Dans un deuxième temps, nous nous sommes interrogée sur ce qui se passe dans la relation de consultance, car des écarts existent entre ce qui est prescrit et ce qui est réalisé. Nous nous sommes alors penchée sur les travaux qui abordent les outils de gestion et leur devenir dans les organisations ; nous préférons le concept de dispositifs de gestion qui prend mieux en compte l‟ensemble disparate constitué à la fois de pratiques discursives et de techniques.

La littérature ne se préoccupe pas ou peu des résultats de l‟intervention. Elle considère que la nature même de la prestation immatérielle conduit à des résultats peu observables, peu tangibles et par conséquent peu mesurables. Les auteurs qui ont étudié l‟impact des interventions restent sur des propositions trop souvent conceptuelles et peu actionnables. Ce qui nous semble important de retenir pour notre recherche c‟est le principe d’inséparabilité entre savoirs et relations, la relation de consultance n‟est possible que dans l‟interaction entre acteurs. Ce qui est promu avec les dispositifs de gestion, c‟est d‟abord la rationalisation des activités de gestion et l‟optimisation des résultats au service de la performance des organisations.

Même si l‟approche des auteurs sur les outils de gestion ne se réduit plus à une vision déterministe et rationnelle, les outils pouvant également explorer le réel et fournir d‟autres usages que ceux pour lesquels ils ont été conçus, il semble bien que l‟injonction à se conformer à des modèles managériaux ayant fait leurs preuves soit la plus prégnante.

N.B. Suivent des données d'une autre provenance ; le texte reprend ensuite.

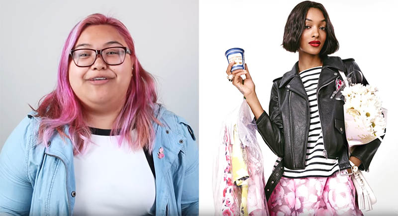 Даника, темнокожая девушка в очках и с розовыми волосами, вызвалась повторить плакат Kate Spade. На нем изображена афроамериканка, с сумками, одеждой и кофе в руках, в весьма симпатичном наряде, сочетающем романтичные и байкерские элементы (шифон, тельняшка и косуха). Даника сочла, что девушка на снимке выглядит по-хулигански, она высокая и красивая, и ей будет очень трудно «дотянуть».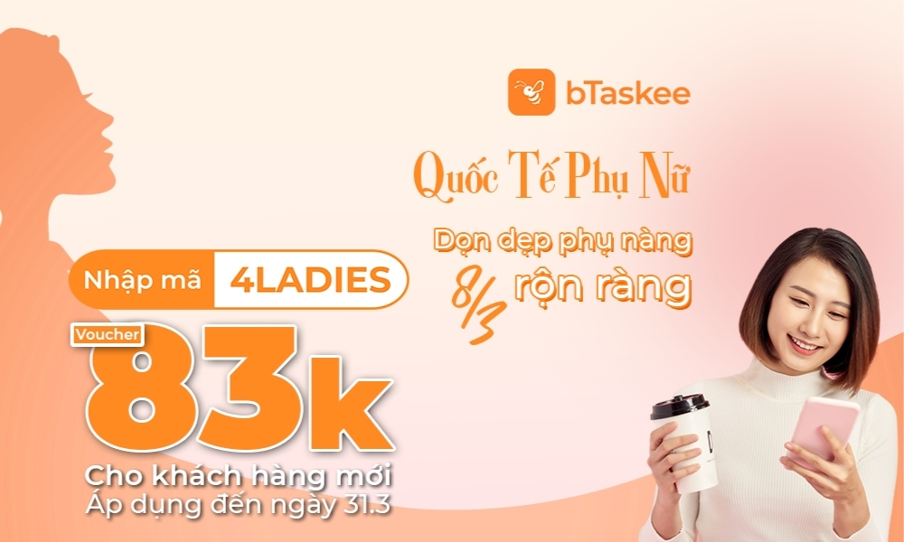 Nhập ngay mã 4LADIES để nhận ngay voucher giảm giá 83k cho tất cả các dịch vụ của bTaskee.
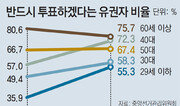 12일로 하루 앞으로 다가온 4·13 국회의원 총선거에서 “반드시 투표하겠다”는 적극 투표층이 늘면서 20년 만에 총선 투표율이 60%를 넘을 수 있다는 관측이 나오고 있다. 역대 총선에서 투표율 60% 이상을 기록한 것은 1996년 15대 총선(63.9%)이 마지막이었다. 특히 20대, 30대, 40대에서 적극 투표층이 크게 늘면서 실제 투표로 어느 정도 이어질지 주목된다. 중앙선거관리위원회가 3, 4일 실시해 11일 발표한 투표 참여 의향 설문조사에 따르면 응답자의 66.6%가 이번 총선에서 “반드시 투표하겠다”고 답했다. 선관위가 지난달 21, 22일 실시한 조사 때의 63.9%에 비해 약 열흘 사이에 2.7%포인트 증가했다. 이번 총선에서 적극 투표층 증가는 선관위가 2012년 19대 총선을 앞두고 실시한 같은 조사와 비교해도 두드러진다. 당시 조사에서 적극 투표층은 58.1%로 집계됐고, 실제 투표율은 54.2%로 나타났다. 이는 이번 선거가 마지막까지 유례없는 혼전 양상을 보이면서 유권자들의 관심이 높아진 데 따른 것으로 보인다. 또 이번 조사에서 60세 이상 노년층의 적극적인 투표 참여 의사가 감소한 반면 20대와 30대, 40대에서 적극 투표층이 크게 늘어 선거 결과에 중대 변수가 될 가능성이 높아졌다. 19대 총선 직전 조사 때 35.9%에 불과했던 20대 적극 투표층은 이번 조사에서 55.3%로 20%포인트 가까이 증가했다. 30대 적극 투표층은 49.4%에서 58.3%로 9%포인트가량, 40대 적극 투표층은 57.0%에서 72.3%로 15%포인트가량 늘었다. 20대와 30대, 40대 적극 투표층이 늘어난 것은 외형상 야권에 유리할 수 있는 지표라고 전문가들은 보고 있다. 특히 수도권은 40대 유권자(약 400만 명)가 가장 많아 이들의 표심이 전체 판세에도 영향을 줄 가능성이 높다는 것이다. 다만 박명호 동국대 정치외교학과 교수는 “무당층, 중도층이 주축인 40대는 야권 성향이 더 강하다 해도 야권 분열로 인해 어느 한쪽으로 쏠린다고 볼 수는 없다”고 말했다. 40대가 야권 분열의 중추적 역할을 하면서 결과적으로 여당이 이득을 볼 수도 있다는 얘기다. 더불어민주당 관계자는 “60대 이상 유권자(984만 명)가 가장 많고 실제 투표율도 높을 가능성이 커 여전히 여당에 유리한 구도”라고 말했다.한상준 기자 alwaysj@donga.com}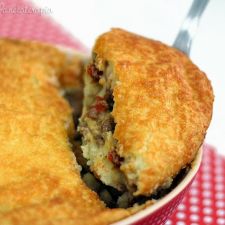 - Num refratário coloque uma porção de aipim/purê, uma camada de recheio (de sua preferência), uma camada de requeijão cremoso, cubra com o restante do aipim e polvilhe queijo coalho ralado.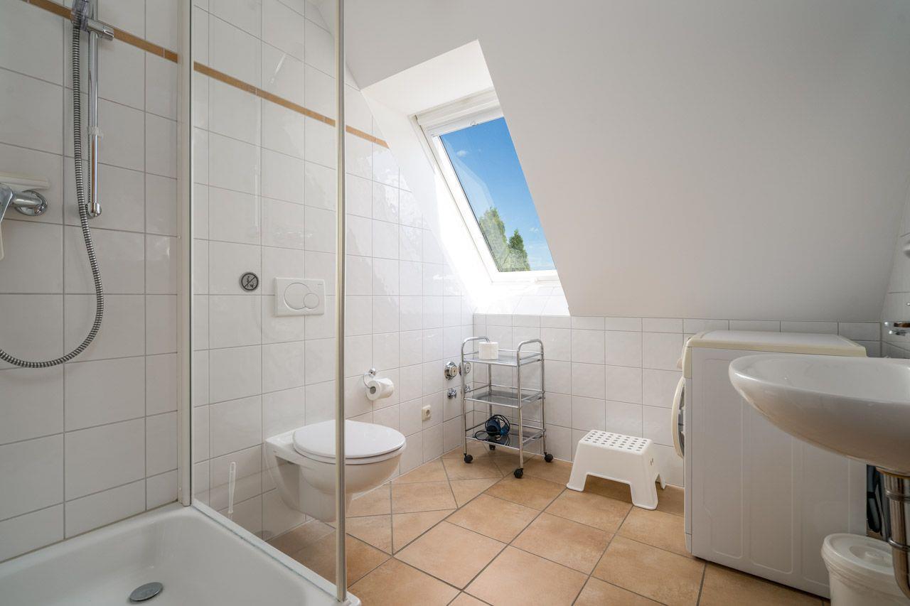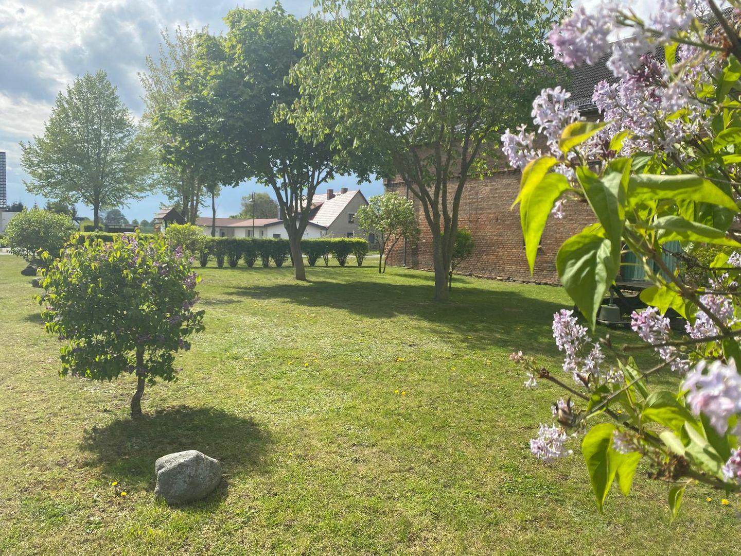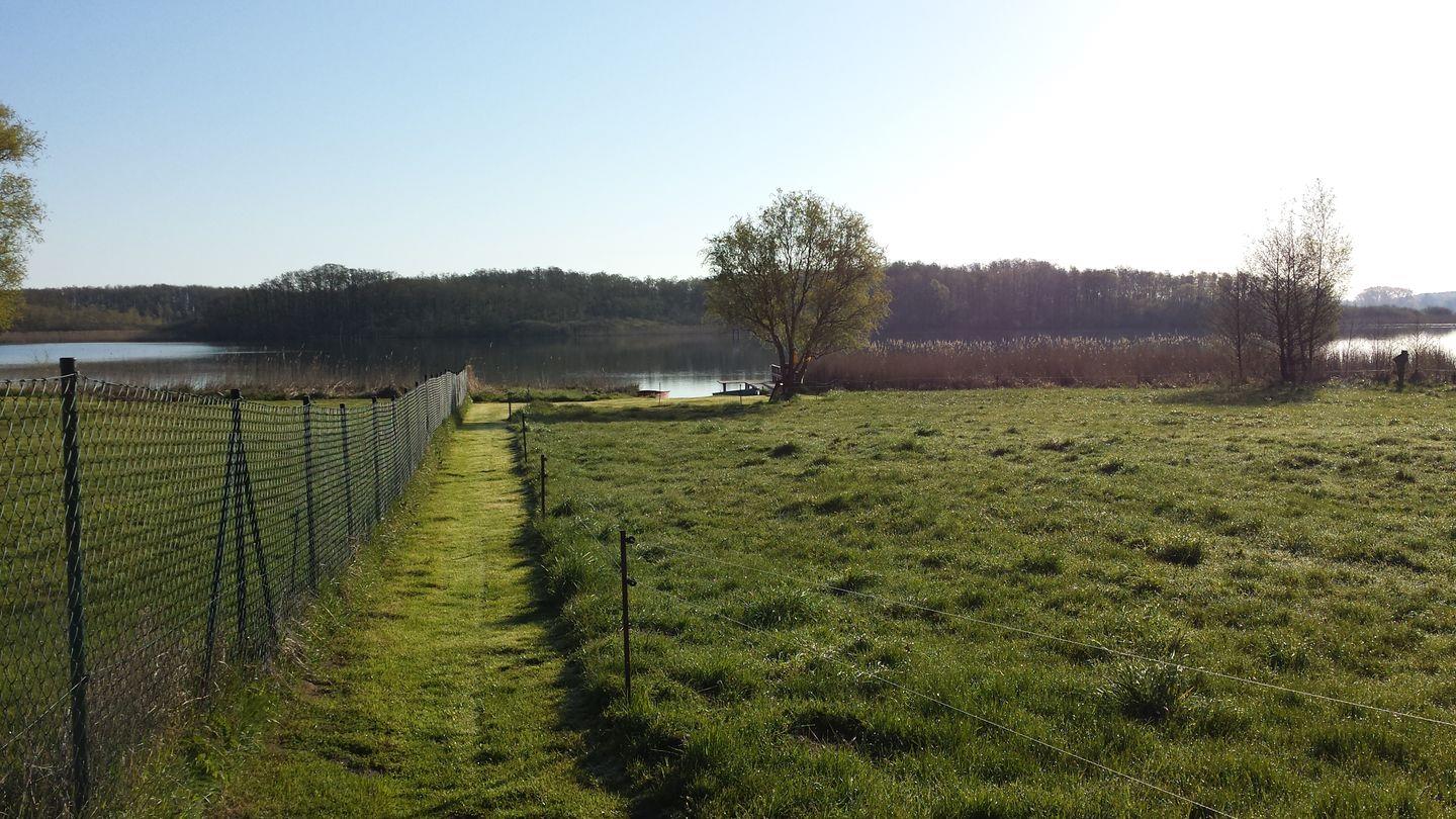 Über einen separaten Hauseingang und einen kleinen Flur gelangen Sie in die erste Etage und zur Ferienwohnung. Diese Treppe läßt sich mit einem Schutzgitter absichern. Das große Schlafzimmer ist mit einem Doppelbett und einem großen Kleiderschrank ausgestattet. Gleich gegenüber befindet sich ein kleines Schlafzimmer mit einem Bett 140x200 - dann ist der Raum auch ausgefüllt. Im Bad mit Dusche und WC gibt es eine Waschmaschine. Der offene Wohn- Essbereich ist mit einer modernen Küche komplett eingerichtet. Das Sofa ist zu einem Dauerschläfer umzuklappen. Für unsere kleinen Gäste: Sandkasten und Rutsche im Außenbereich. Eine gesonderte möblierte Sitzecke im Garten steht unseren Gästen ebenfalls zur Verfügung. Das Grundstück ist ein Wassergrundstück und kann von allen Gästen genutzt werden. Der Seezugang und die Terrasse am Wasser können ebenfalls genutzt werden.

Ce qui s‟explique par la dimension de mythes

gestionnaires qu‟incorporent les dispositifs de gestion auxquels l‟adhésion est

facilitée par une rhétorique très efficace adoptée par les consultants, chercheurs, enseignants et autres acteurs influents.

Les chercheurs qui ont observé les usages des technologies de communication et d‟information montrent qu‟il y a des trajectoires et des chaines d’appropriation qu‟il est important de considérer lorsqu‟on veut étudier les effets de l‟introduction d‟une nouvelle technologie dans une organisation. Nous retiendrons également qu‟un certain nombre de facteurs internes et externes agissent dans la capacité des organisations à acquérir de nouveaux savoirs. Les acteurs apprennent du fait de l‟incomplétude des outils qu‟ils s‟efforcent dès lors d‟adapter à leur contexte local, mais aussi quand ils abandonnent des routines défensives qui font obstacle au changement et à l‟apprentissage.

Enfin les concepteurs de dispositifs de gestion (chercheurs, enseignants, consultants, managers…) doivent élaborer des savoirs utiles à l‟action. Or, ils ne peuvent le faire qu‟en coopérant au plus près avec les praticiens (destinataires de ces savoirs).

Une approche plus politique et critique nous semble complémentaire pour étudier les enjeux du conseil aux PME, en effet jusqu‟ici nous avons à peine abordé les notions de rapports de pouvoir et de domination pourtant bien réels dans les dispositifs de gestion que l‟œuvre de Foucault autorise à penser. Nous développerons cette approche dans la deuxième partie en évoquant un dispositif institutionnalisé d‟incitation à la GRH dans les Petites Entreprises.